Notebook
https://github.com/archit-manek/makemore
Building Makemore
Part 1: The spelled-out intro to language modeling
Part 1.1: Bigram approach
- Bigrams are a sequence of two letters. For example, the bigrams in the word "Makemore" are "Ma", "ak", "ke", "em", "mo", "or", "re". They are used to count the frequency of a letter following another letter. For example, the bigram "ak" appears 1 time in the word "Makemore", which is then used to calculate the probability of the next letter by the language model.
- We use the PyTorch library to build the bigram model.
- Pytorch is a deep-learning library that is used to build neural networks. It is similar to Tensorflow, but it is more intuitive and easier to use.
- We end up with the occurrences of each bigram in the dataset, which is then used to calculate the probability of the next letter by the language model.
- We then sample from the distribution created (by torch.multinomial) to generate the next letter.
- Funny enough, we end up with terrible predictions. This is because the bigram model is not good at predicting the next letter in a sequence of letters. It is good at predicting the next word in a sequence of words, but not the next letter in a sequence of letters.
- To convince ourselves that we are not crazy and that the bigram model just works badly, we sample from a uniform distribution to get even more terrible results.
- Being good at tensor manipulation is crucial since some complicated operations are needed to build models.
- One of these operations is broadcasting. Broadcasting is a way to perform operations on tensors of different shapes. For example, we can add a scalar to a vector, a vector to a matrix, or a matrix to a tensor. This is done by broadcasting the smaller tensor to the shape of the larger tensor.
- Andrej recommends taking a tutorial on broadcasting to understand it well since it is easy to run into bugs when using it. (Very easy to create subtle bugs when using broadcasting)
- We created a model, but want to somehow evaluate the quality of the model.
- We assign a probability to each bigram to scope its quality. If the model is great each probability should be near 1, and if the model is bad each probability should be near 0.
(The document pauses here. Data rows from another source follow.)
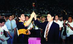 马拉多纳和刘瑞旗共同举杯向观众致意1996年7月27日,马拉多纳及阿根廷博卡青年队来到四川成都,参加“恒源祥杯”...
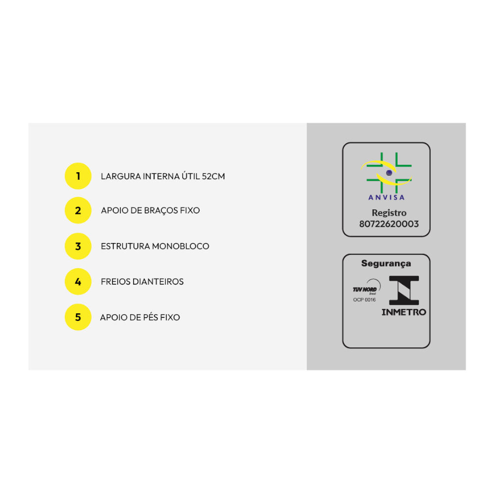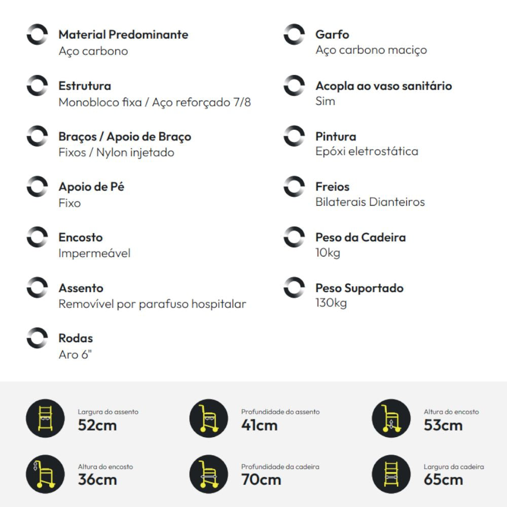 Cadeira de banho reforçada com estrutura em aço carbono e assento sanitário, projetada para usuários de maior porte. Largura de assento ampla (? 52 cm), freios dianteiros bilaterais e rodízios 6" para manobra segura. Capacidade de peso até 130 kg.
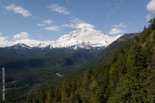 Fototapeta premium Snow-Capped Mountain Overlooking Lush Green Valley with Dense Forest Under...
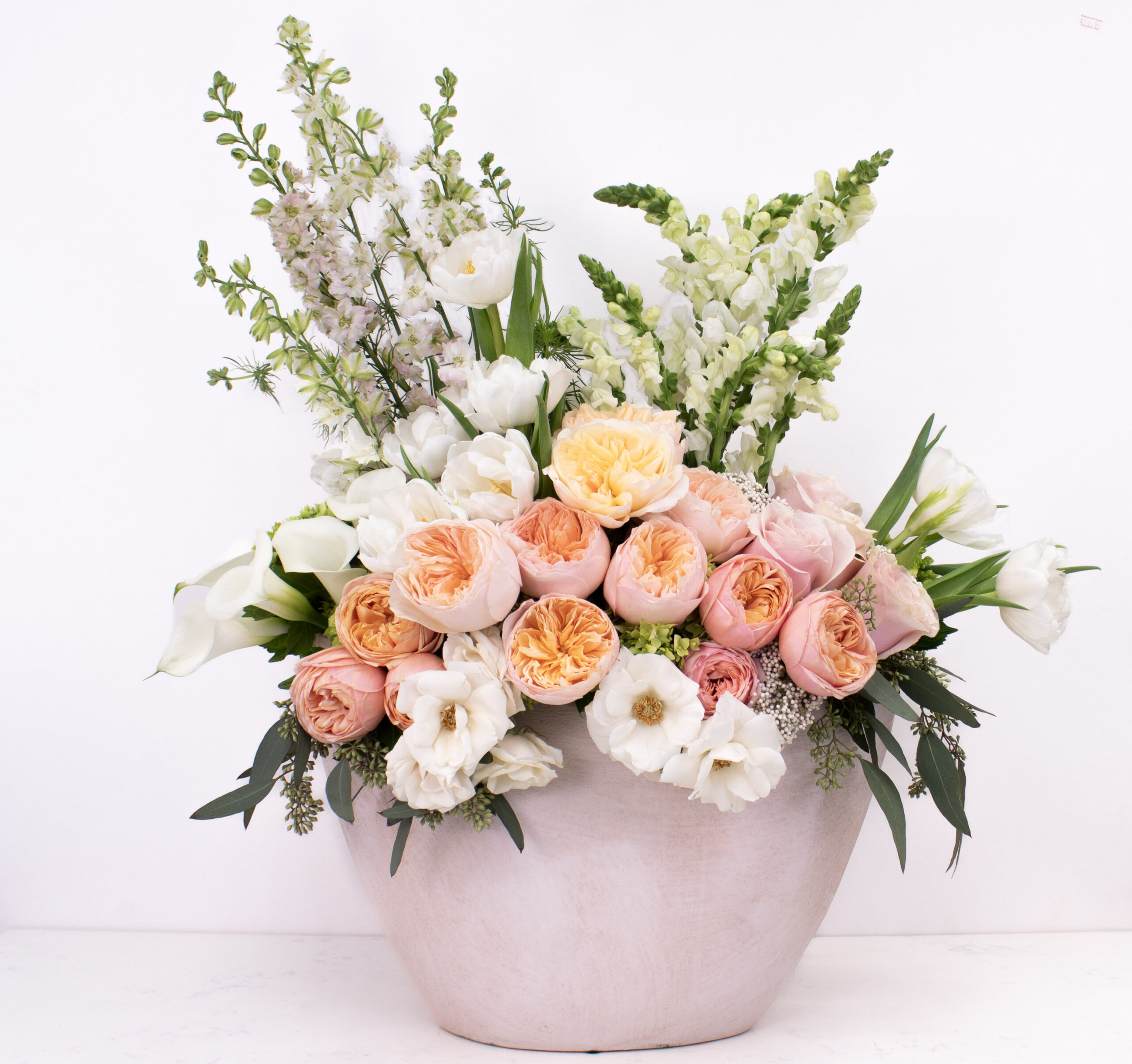 This arrangement is soft yet striking, featuring garden roses, tulips, mini calla lilies, and linear accent flowers in delicate shades of peach and white.
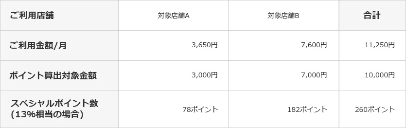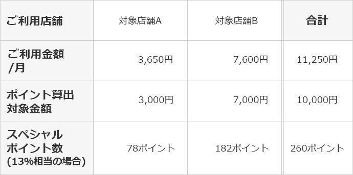 (例)対象店舗Aで月:2,800円、対象店舗Bで月:850円、対象店舗2店舗での合算ご利用金額/月:3,650円、スペシャルポイント還元率13%の場合
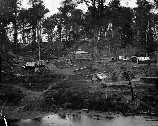 Soldier sitting by Chickasaw Bayou, Mississippi 1864
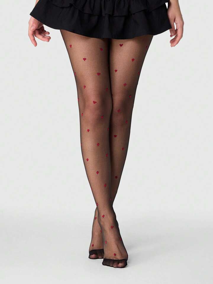 Kawaii Women's Sexy Heart Pattern Tights/Pantyhose/Leggings/Jeggings, Red
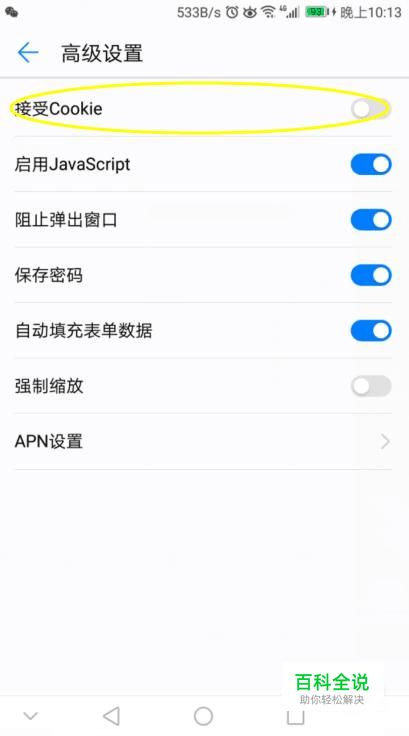 在高级设置里面,我们可以看到接受cookie是关闭的,如图所示。
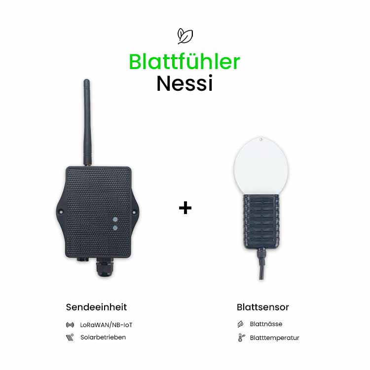 Nessi erkennt genau, wie nass und wie lange nass deine Pflanzen sind. Gleichzeitig misst er präzise die Temperatur der Blätter. Mit diesen Daten kannst du gezielt handeln und deine Pflanzen optimal schützen.
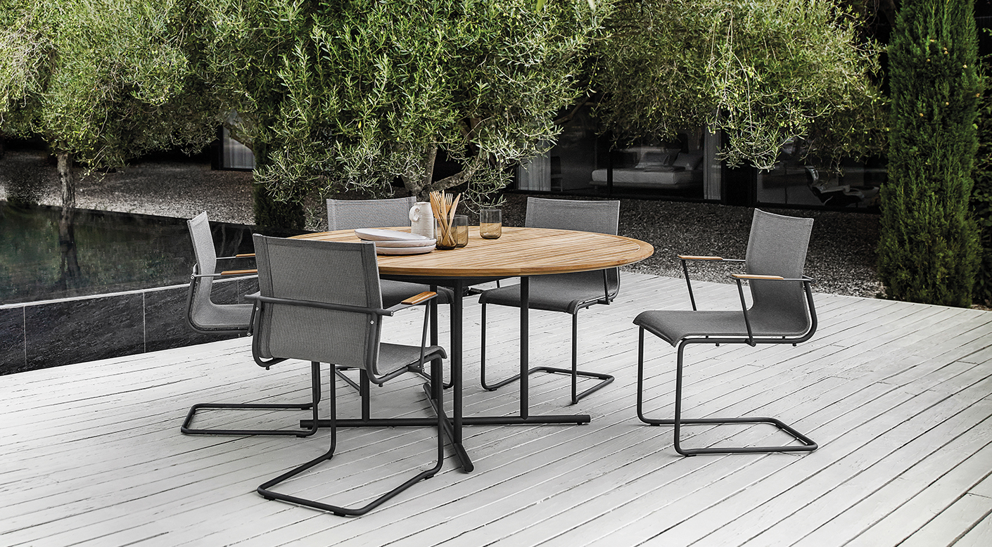 In outdoor situations we often spend more time relaxing and lounging, and when dining we tend to take our time. So why not make the situation as comfortable as possible? With Sway, Danish designer Henrik Pedersen has combined a finely proportioned teak frame with a practical sling seat and back to deliver inherent sprung comfort despite an extremely minimal profile.
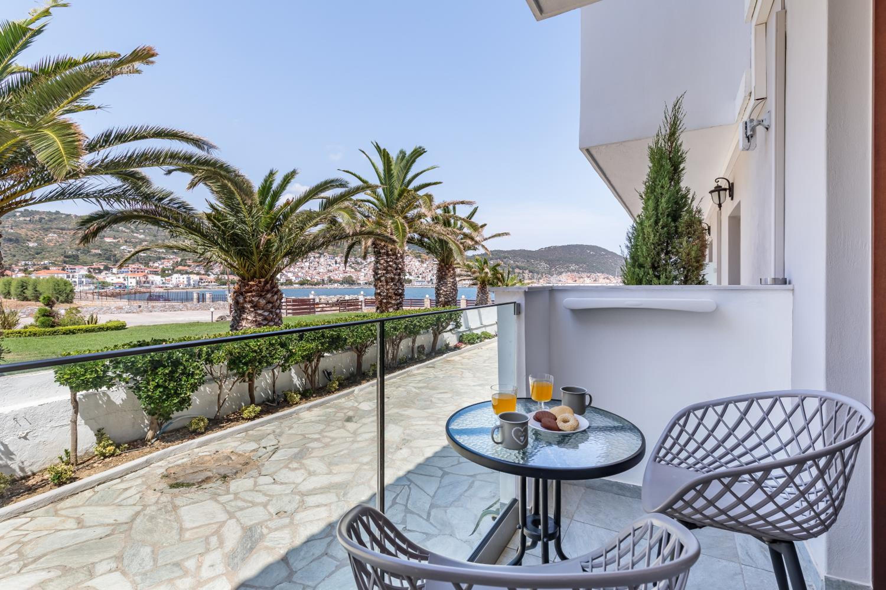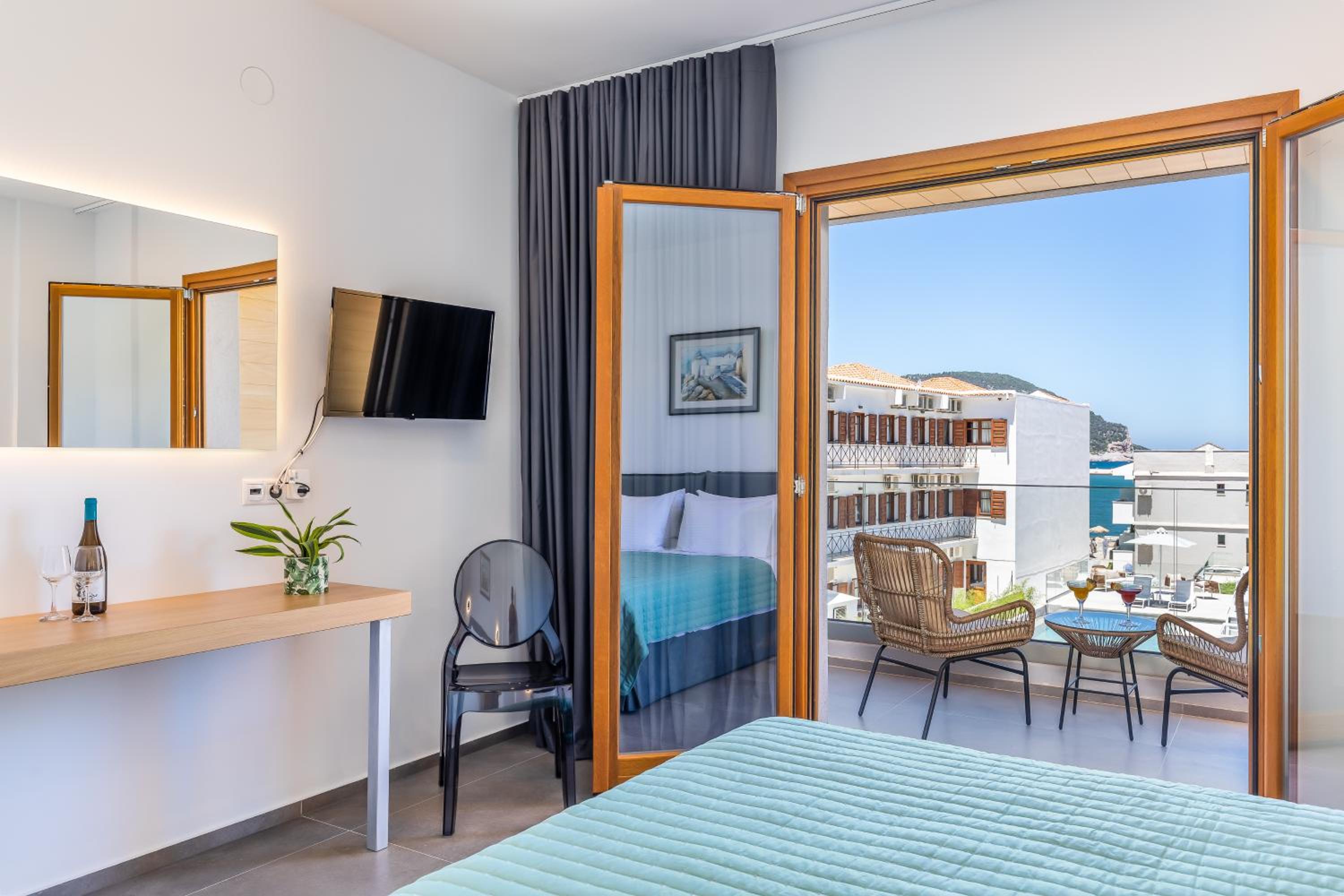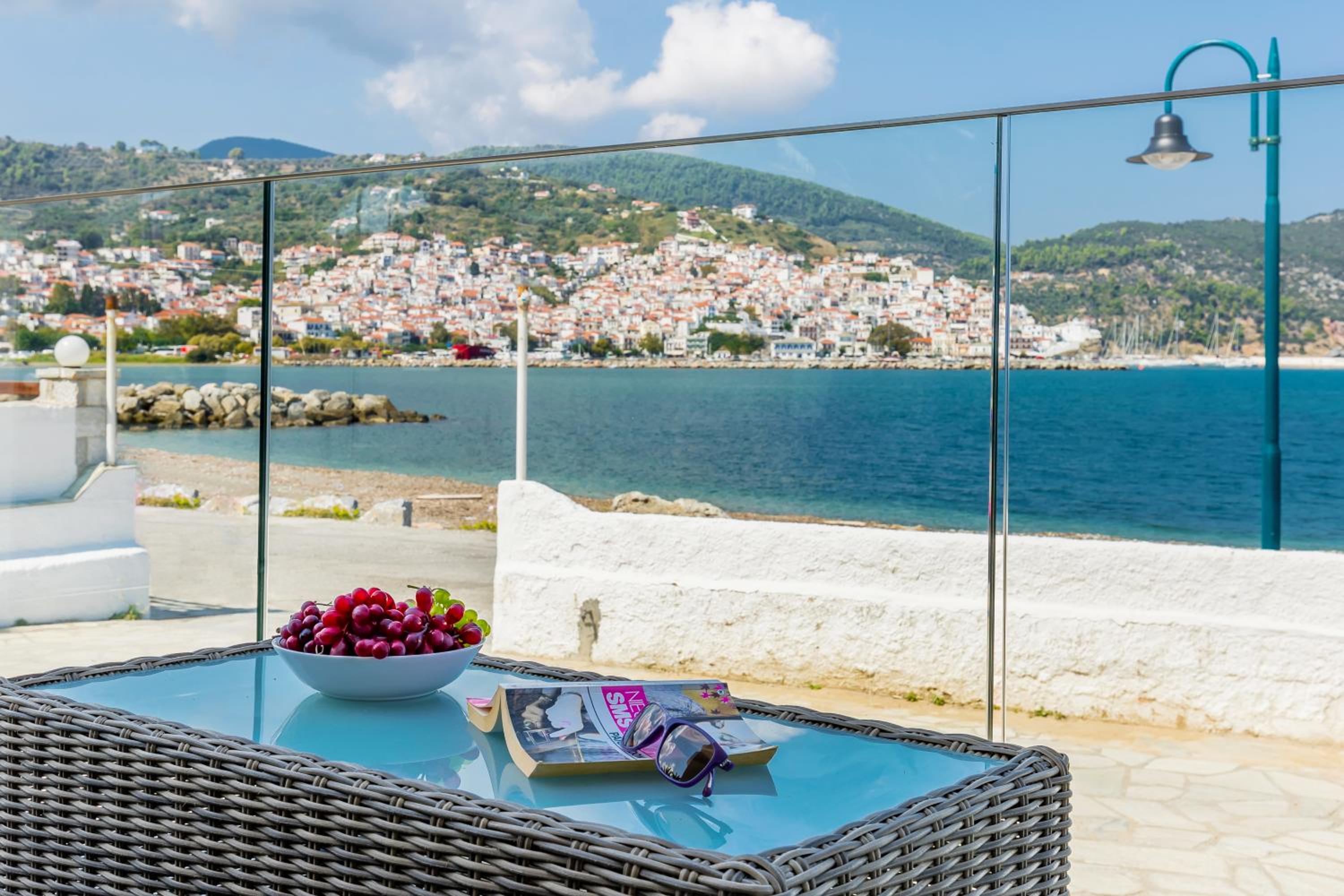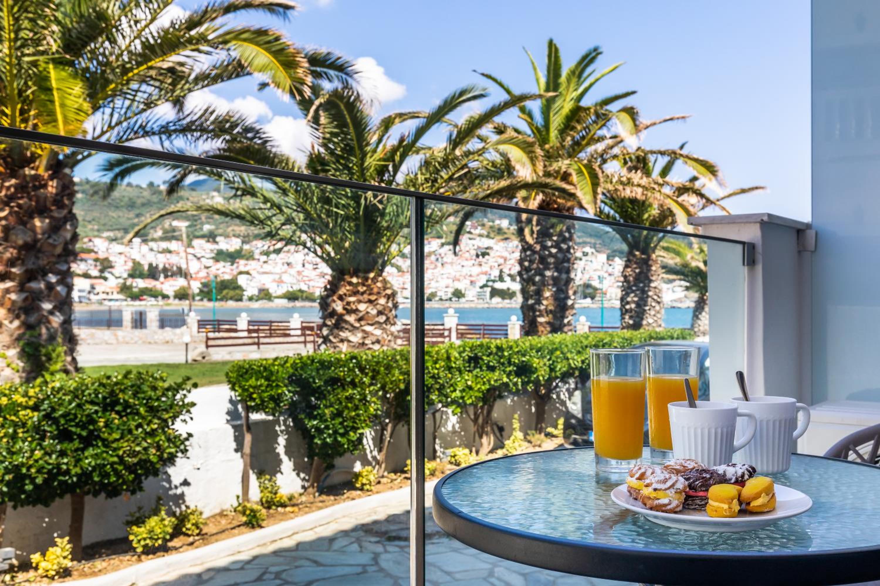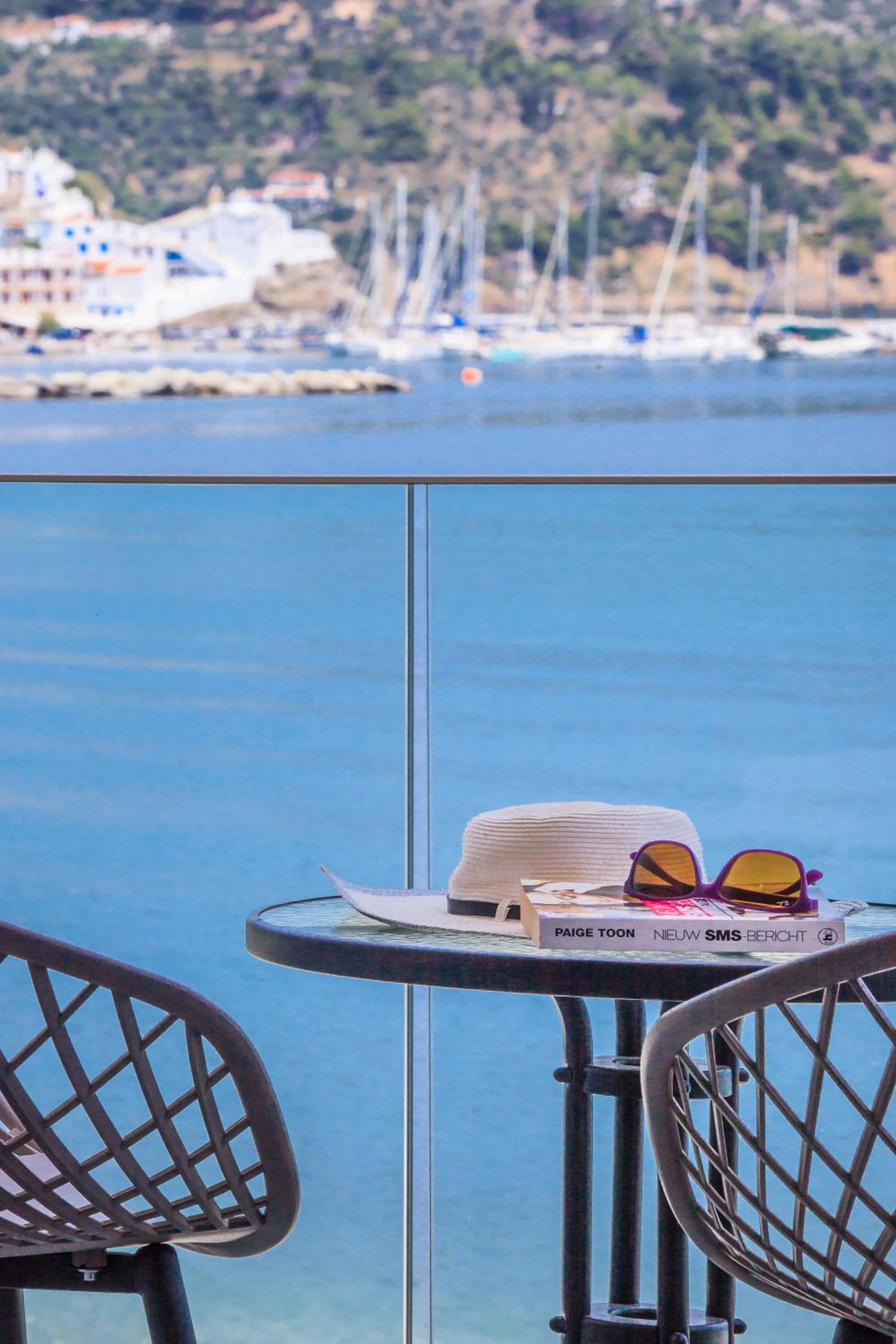 Prachtig zicht op de zee en Skopelos stad vanuit ons terras van kamer 102. Zeer verzorgd ontbijt buiten naast het zwembad in de schaduw. Zeer vriendelijk personeel met een super uitleg over de troeven van het mooie eiland Skopelos.
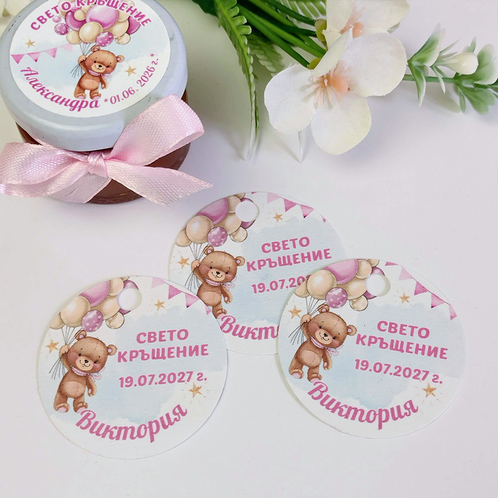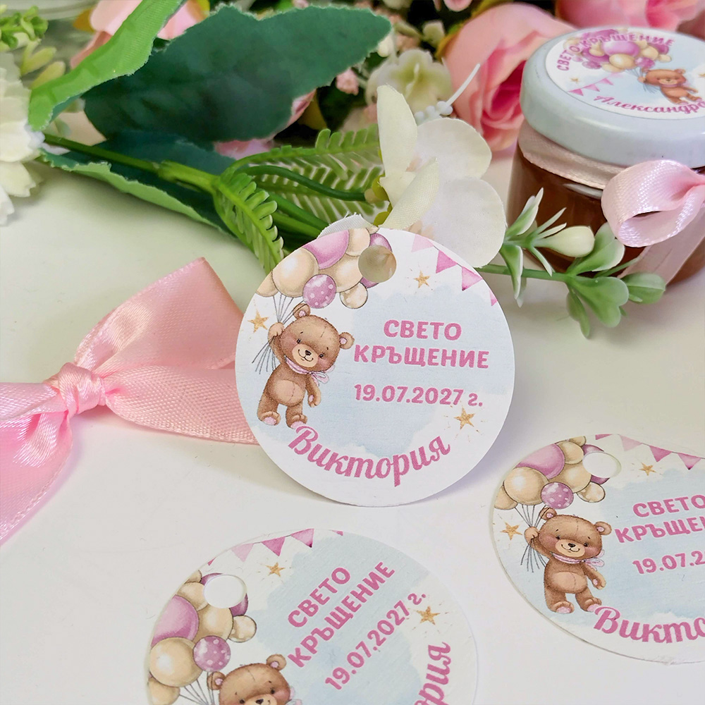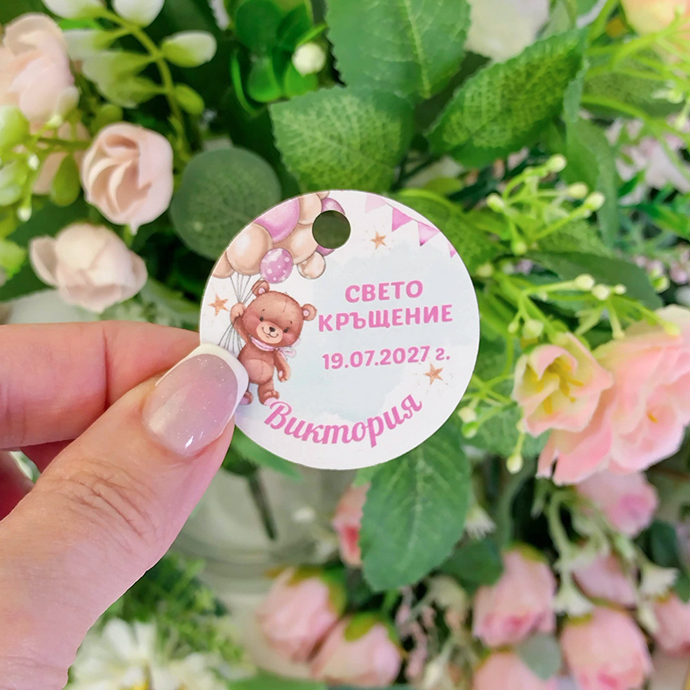 Кръгли картонение етикети (тагчета) за кръщене с мече

- Another measure is to use the Maximum Likelihood Estimate (MLE). MLE is the probability of the most likely sequence of letters. For example, if the most likely sequence of letters is "Makemore", then the MLE is 1. If the most likely sequence of letters is "Makemoree", then the MLE is 0.
- Statisticians usually work with the log-likelihood, which is the log of the MLE. This is because the log-likelihood is easier to work with, and it is also easier to compare the log-likelihood of different models.
- When the model is good log-likelihood is close to 0, and if it is bad log-likelihood is very negative. We want to work with loss functions, which have the convenience of being low at 0 and high at infinity. So we negate the log-likelihood to get a loss function.
- Goal: maximize the likelihood, which is equivalent to minimizing the loss function (average of negative log-likelihood).
- Our model could give an infinity if a word is very unlikely. To prevent this we do model smoothing by adding 1 element-wise to the model.
Part 1.2: Neural Network approach
- Since we now have a single-number loss function, we can use gradient descent to optimize the model.
- We create a bigram dataset for the model.